Rare Sight

Hi! Thanks for visiting. I hope you enjoy 'Rare Sight', which I loved writing - I've already written an early draft of the next book in the series. And now for the blurb: Joe Simmonds didn't ask to see spirits. It doesn't help that a teenage ghost called Georgia turns up, claiming to be the aunt he didn't know he had - and that she was murdered.
Add in a vengeful dead grandfather, an unscrupulous spirit trader and a couple of nasty murders, and Joe has a hard time just staying alive, as he learns what Rare Sight is, and how to use it.
Cover design by the talented Mark Dyball (though I've spoilt it by cropping!); image copyright Dundanim/Dreamstime


21. Chapter Twenty-one

“So what…? The spirits protected you from Tanner and your granddad?” said Yousef.

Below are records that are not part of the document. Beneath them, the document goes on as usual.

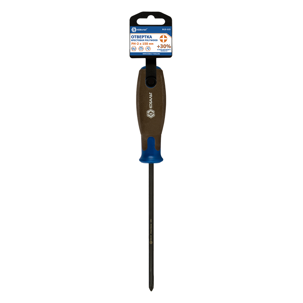 Отвертка POLYWOOD КОБАЛЬТ PH-2 х 150 мм CR-V, древесно-полимерная рукоятка, подвес (912-113) - цена, фото, технические характеристики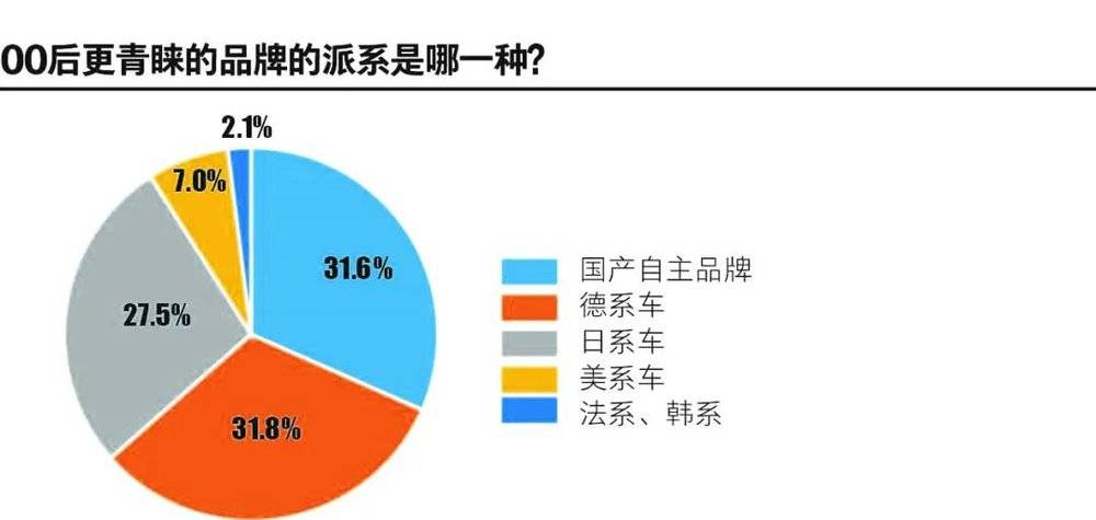 不过,00后对汽车品牌的价值排序显然已经颠覆了以往。调查显示,在“选哪个派系汽车品牌”这一问题中,31.6%的受访者选择了中国自主品牌,认为其进步很快,在智能化等技术上已经处于领先水平,这一比例基本本的德系车比肩。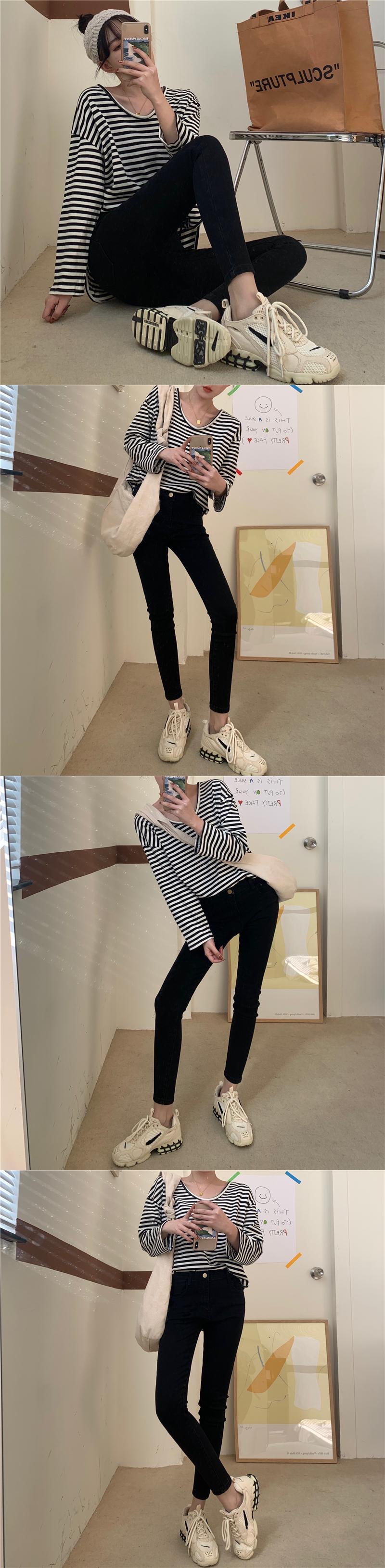 ウェストジーンズ パンツ レディースオータムウィンターブラック 秋物 冬物 YY-ファッション44758933711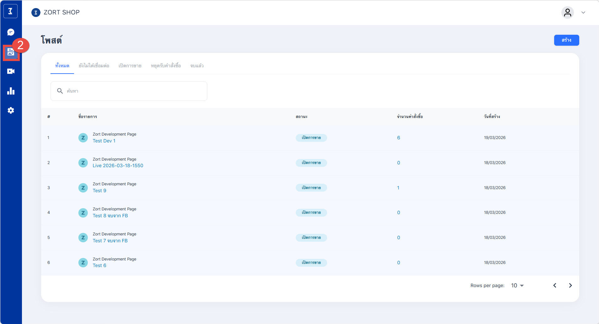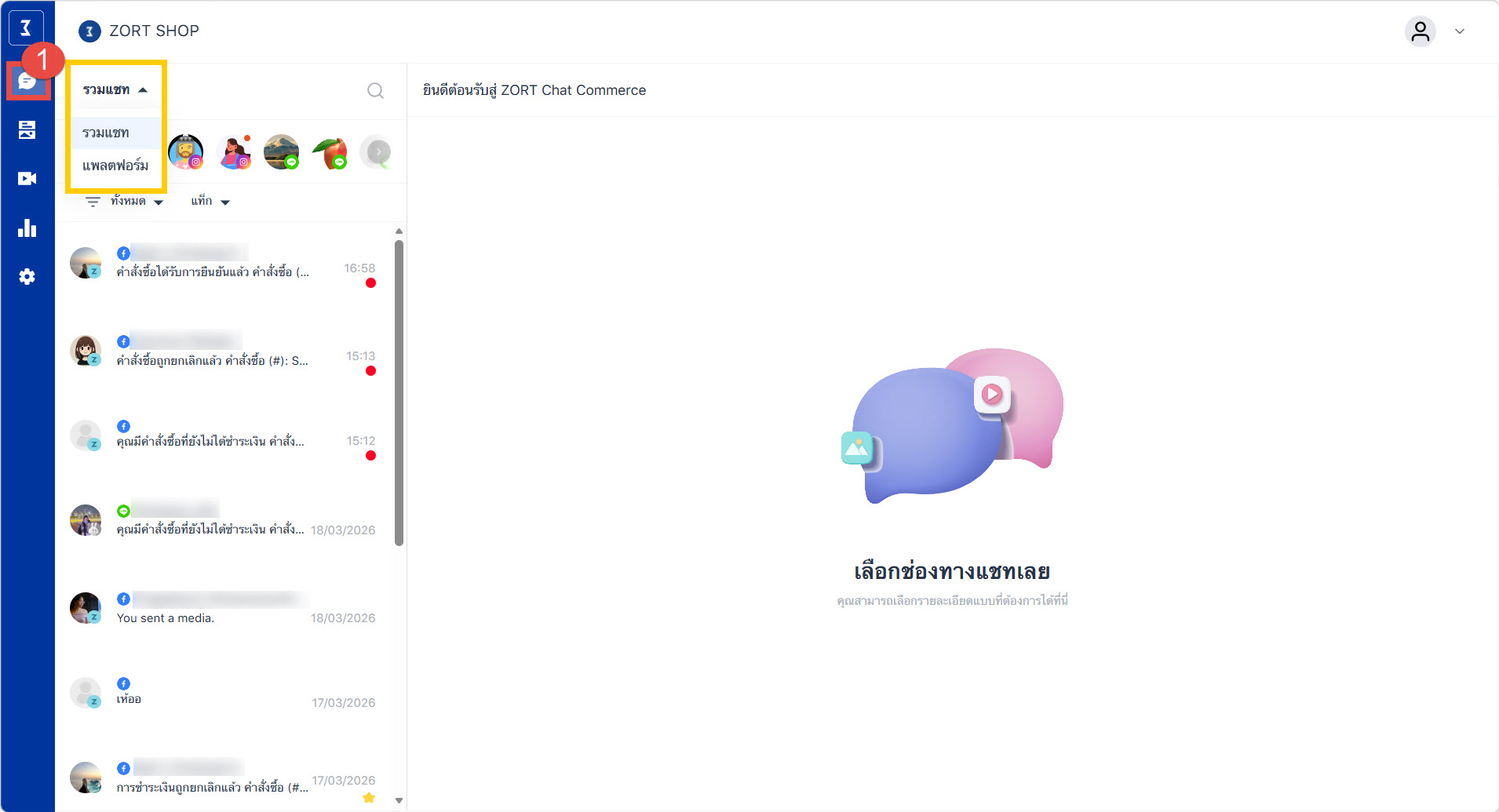 หลังจากผู้ใช้งานดำเนินเชื่อมต่อกับช่องทางการขาย Social Commerce เรียบร้อยแล้ว ผู้ใช้งานสามารถคลิกที่ปุ่ม “โซเชียลคอมเมิร์ช” ด้านบนขวามือเพื่อเข้าใช้งาน ZORT Social Chat กันได้เลย โดยระบบจะรองรับการใช้งานดังนี้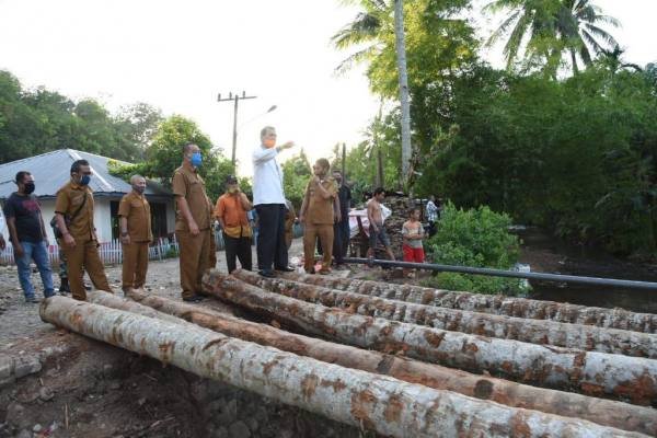 Tapsel, POL | Bupati Tapanuli Selatan (Tapsel) H. Syahrul M. Pasaribu, SH meninjau jembatan yang ambruk di Desa Batu Godang, Kecamatan Angkola Sangkunur, Senin (8/6/2020).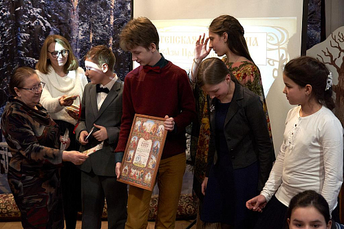 Всем командам были вручены почетные грамоты, памятные подарки и пряничные медали, специально приготовленные к викторине. Грамоты получили и отдельные ребята – наиболее активные участники викторины. В конце игры состоялось чаепитие с теплыми свежевыпеченными блинами.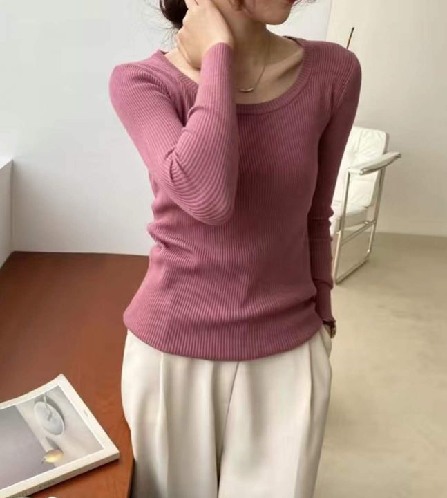 春季新款品牌原单网红净版简约多巴胺冰丝曲珠长袖针织...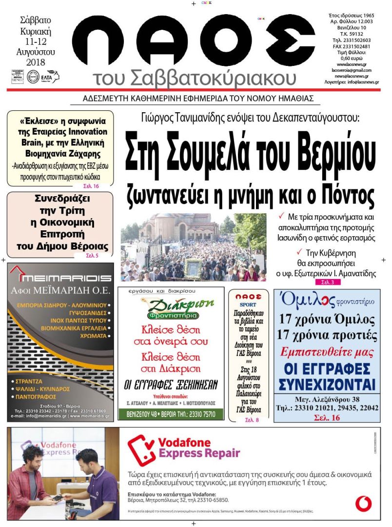 Πρωτοσέλιδο 11- 12 Αυγούστου 2018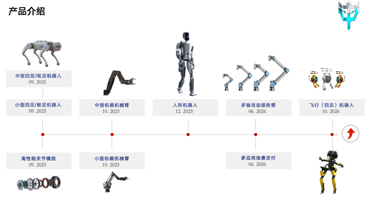公司的产品矩阵丰富而前瞻,已推出小型及中型四足/轮足机器人,并规划于今年年底发布人形机器人,明年更将推出可飞跃障碍的飞行机器人,持续拓宽机器人的应用边界。这些机器人并非实验室的展品,而是为真实物理世界而生的实用工具。它们拥有极限的地形适应能力,可轻松翻越20-35厘米的障碍、在50度的斜坡上稳定行走,并能在草地、碎石、泥地等非结构化地形中保持超强通过性与动态平衡。即使在外力干扰下,其自研的具身智能AI算法也能瞬间调整步态,确保机身稳定。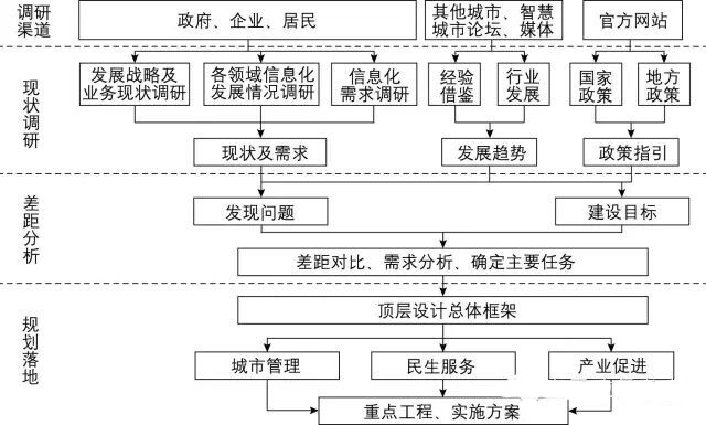 智慧城市頂層規(guī)劃分為三個(gè)階段:現(xiàn)狀調(diào)研、差距分析、規(guī)劃落地(參見圖3)。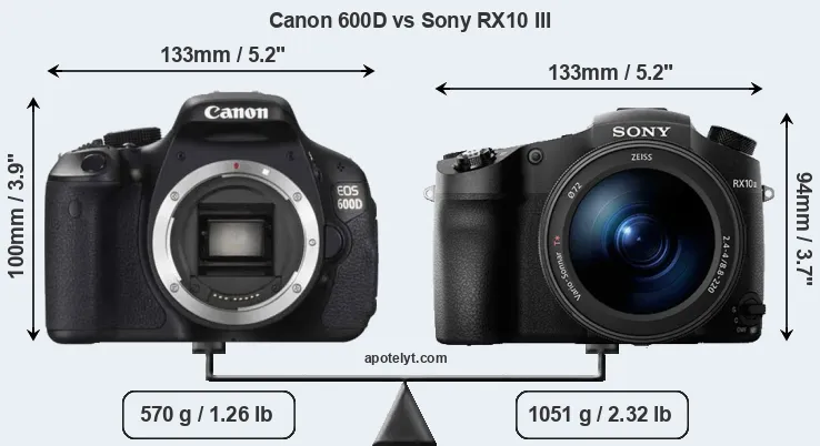 La Canon EOS 600D e la Sony Cyber-shot DSC-RX10 III sono due fotocamere digitali rivelate al pubblico rispettivamente a febbraio 2011 e marzo 2016. Il 600D è una fotocamera DSLR, mentre RX10 III è una fotocamera compatta con obiettivo integrato. Le fotocamere sono dotati di un sensore APS-C (600D) e un sensore da 1 pollice (RX10 III). La Canon ha una risoluzione di 17,9 megapixel, mentre la Sony fornisce 20,0 MP.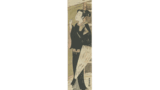 芳員は国芳門下では注目される人物です。一寿斎を号しましたが、一川号の作の方が多く目にはいります。開港当時から慶応年間にかけて横浜に住んだと伝えられ、その故か、外人生活取材の錦絵が多く、貞秀と並ぶ横浜絵作家です。ただ、異国人の顔貌描写に一律の嫌いがあり、しかもどこか日本人めいた面影を残して、一種の愛嬌があります。彼の横浜絵は異国人の行動や目を惹く器物を扱ったものが多いです。群像描写を好んだようですが、ここではむしろ個人や器物に焦点を置いた作品「横浜見物図会」に彼の技倆をうかがうことにしました。右半上部の「写真鏡」は現在の写真のことで、外国婦人の写真を紹介したものですが、むしろ美人画として鑑賞されます。右下半はアメリカの時計を写実的に描いた旨を「真写」の字で誇っているが、文字盤の数字は、いささか怪しいです。左半は外人の散歩姿。簡素なステッキを提げて、ぬうっと立った風貌が面白く、手にした葉巻の煙の形が何か不自然めく欠点はありますが、新奇な知識の報道役は十分に果たしています。
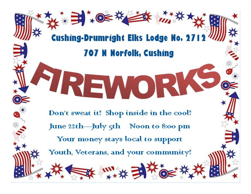 CUSHING - DRUMRIGHT ELKS LODGE ANNUAL FIREWORKS SALE

They were sitting on their usual bench in the playground.

“Yeah – and I reckon Tanner must’ve died in that fire,” said Joe.

“But what about your granddad? Couldn’t he still come back? I mean, a fire’s not going to harm him, is it?”

“I dunno what they did to him. Maybe he’s been sent back to… wherever he came from. Everything feels calmer. I mean, it’s been what? Nearly a week? And I haven’t had any of those weird visions or anything. He seems to be leaving me alone. But there’s something odd that keeps coming back to me.”

“What?” asked Simon.

“Well… I know I was wrapped in a roll of carpet and rolling off the edge of a cliff, but I thought I saw Georgia there, just for a minute.”

“What was she doing?”

“She was behind Tanner and she was winking at me. She was waving some box I hadn’t seen before…”

“You mean…?” said Simon.

“I dunno. I mean, it seems mad, but I do keep wondering if she was exorcising Mr Burroughs – you know, trapping him in the box. But I probably imagined the whole thing. Georgia’s gone now, anyway, so it’s not like we can ask her.”

“What about your dad?” asked Yousef. “Is he still around?”

“Yeah – he’s taken a flat round the corner from Gran’s, so it looks like he might be planning on sticking round for a while.”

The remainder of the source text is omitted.